The advantages of DM-MIMD systems are clear: the bandwidth problem that haunts shared-memory systems is avoided because the bandwidth scales up automatically with the number of processors. Furthermore, the speed of the memory which is another critical issue with shared-memory systems (to get a peak performance that is comparable to that of DM-MIMD systems, the processors of the shared-memory machines should be very fast and the speed of the memory should match it) is less important for the DM-MIMD machines, because more processors can be configured without the afore mentioned bandwidth problems.
Of course, DM-MIMD systems also have their disadvantages: The communication between processors is much slower than in SM-MIMD systems, and so, the synchronisation overhead in case of communicating tasks is generally orders of magnitude higher than in shared-memory machines. Moreover, the access to data that are not in the local memory belonging to a particular processor have to be obtained from non-local memory (or memories). This is again on most systems very slow as compared to local data access. When the structure of a problem dictates a frequent exchange of data between processors and/or requires many processor synchronisations, it may well be that only a very small fraction of the theoretical peak speed can be obtained. As already mentioned, the data- and task decomposition are factors that mostly have to be dealt with explicitly, which may be far from trivial.
It will be clear from the paragraph above that also for DM-MIMD machines both the topology and the speed of the datapaths are of crucial importance for the practical usefulness of a system. Again, as in the section on SM-MIMD systems, the richness of the connection structure has to be balanced against the costs. Of the many conceivable interconnection structures only a few are popular in practice. One of these is the so-called hypercube topology as depicted in Figure 5.
Figure 5: 1-, 2-, 3-, and 4-dimensional hypercube connections.

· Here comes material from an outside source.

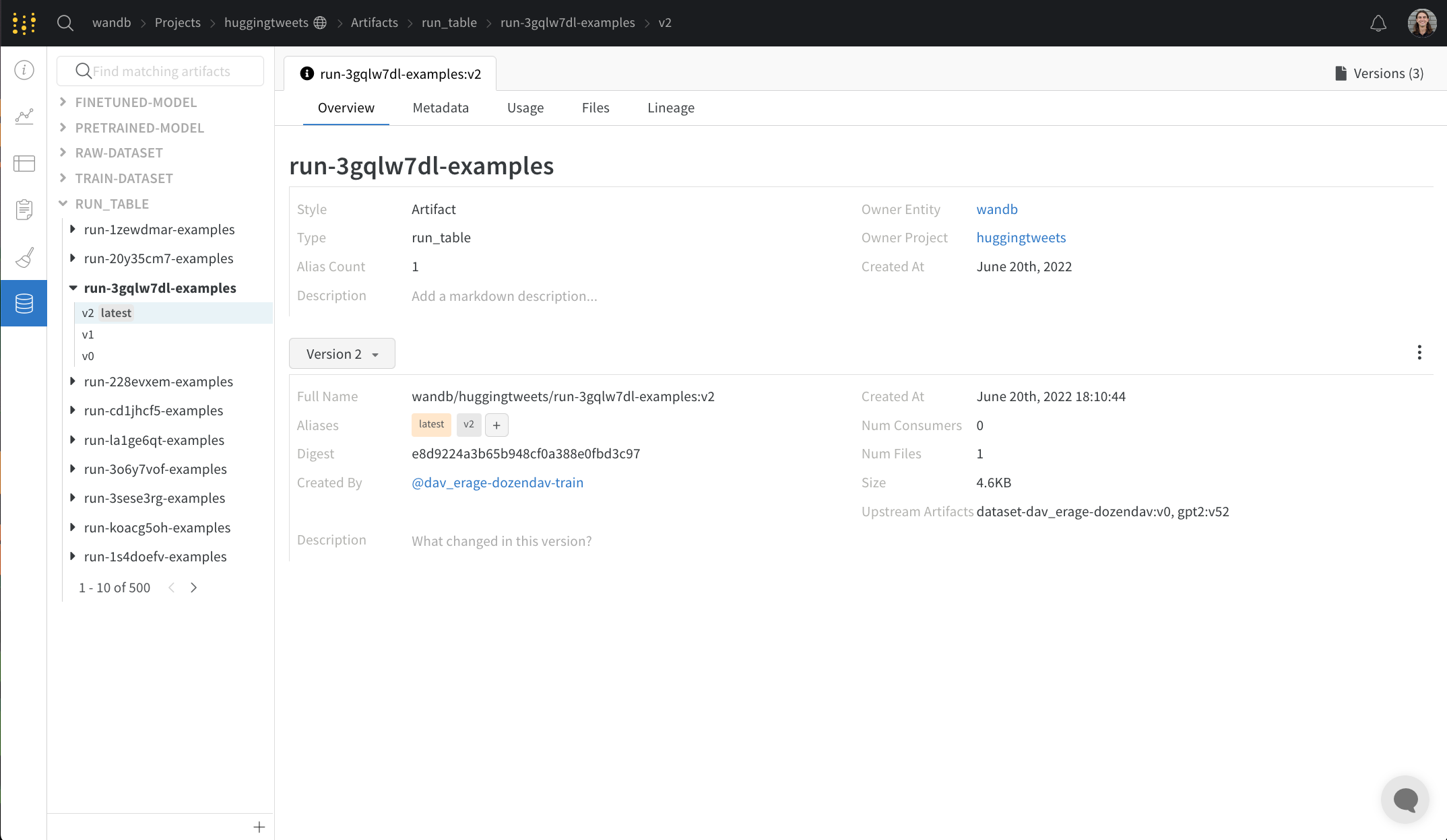 개요 패널에서는 아티팩트의 이름과 버전, 변경 사항 감지 및 중복 방지를 위해 사용되는 해시 다이제스트, 생성 날짜, 모든 에일리어스를 포함한 다양한 고급 정보를 찾을 수 있습니다. 여기에서 에일리어스를 추가하거나 제거하고, 버전뿐만 아니라 아티팩트 전체에 대해 노트를 작성할 수 있습니다.

A nice feature of the hypercube topology is that for a hypercube with 2d nodes the number of steps to be taken between any two nodes is at most d. So, the dimension of the network grows only logarithmically with the number of nodes. In addition, theoretically, it is possible to simulate any other topology on a hypercube: trees, rings, 2-D and 3-D meshes, etc. In practice, the exact topology for hypercubes do not matter too much anymore because all systems in the market today employ what is called "wormhole routing". This means that a message is send from one node to another node that it wants to communicate with to set up a direct connection between them. As soon this connection is established, the data proper is sent through this connection without disturbing the operation of the intermediate nodes. Except for a small amount of time in setting up the connection between nodes, the communication time has become virtually independent of the distance between the nodes. Of course, when several messages in a busy network have to compete for the same paths, waiting times are incurred as in any network that does not directly connect any processor to all others and often rerouting strategies are employed to circumvent busy links.
Many of the newly introduced massively parallel DM-MIMD systems seem to favour a 2- or 3-D mesh (torus) structure. The rationale for this seems to be that most large-scale physical simulations can be mapped efficiently on this topology and that a richer interconnection structure hardly pays off. However, some systems maintain (an) additional network(s) besides the mesh to handle certain bottlenecks in data distribution and retrieval [10].
A large fraction of systems in the DM-MIMD class employ crossbars. For relatively small amounts of processors (in the order of 64) this may be a direct or 1-stage crossbar, while to connect larger numbers of nodes multi-stage crossbars are used, i.e., the connections of a crossbar at level 1 connect to a crossbar at level 2, etc., instead of directly to nodes at more remote distances in the topology. In this way it is possible to connect in the order of a few thousands of nodes through only a few switching stages. Butterfly-, -, or shuffle-exchange networks are often employed in such systems.
As with SM-MIMD machines, a node may in principle consist of any type of processor (scalar or vector) for computation or transaction processing together with local memory (with or without cache) and, in almost all cases, a separate communication processor with links to connect the node to its neighbours. Nowadays, the node processors are mostly off-the-shelf RISC processors sometimes enhanced by vector processors. A problem that is peculiar to this DM_MIMD systems is the mismatch of communication vs. computation speed that may occur when the node processors are upgraded, without also speeding up the intercommunication. In some cases this may result in turning computational-bound problems into communication-bound problems.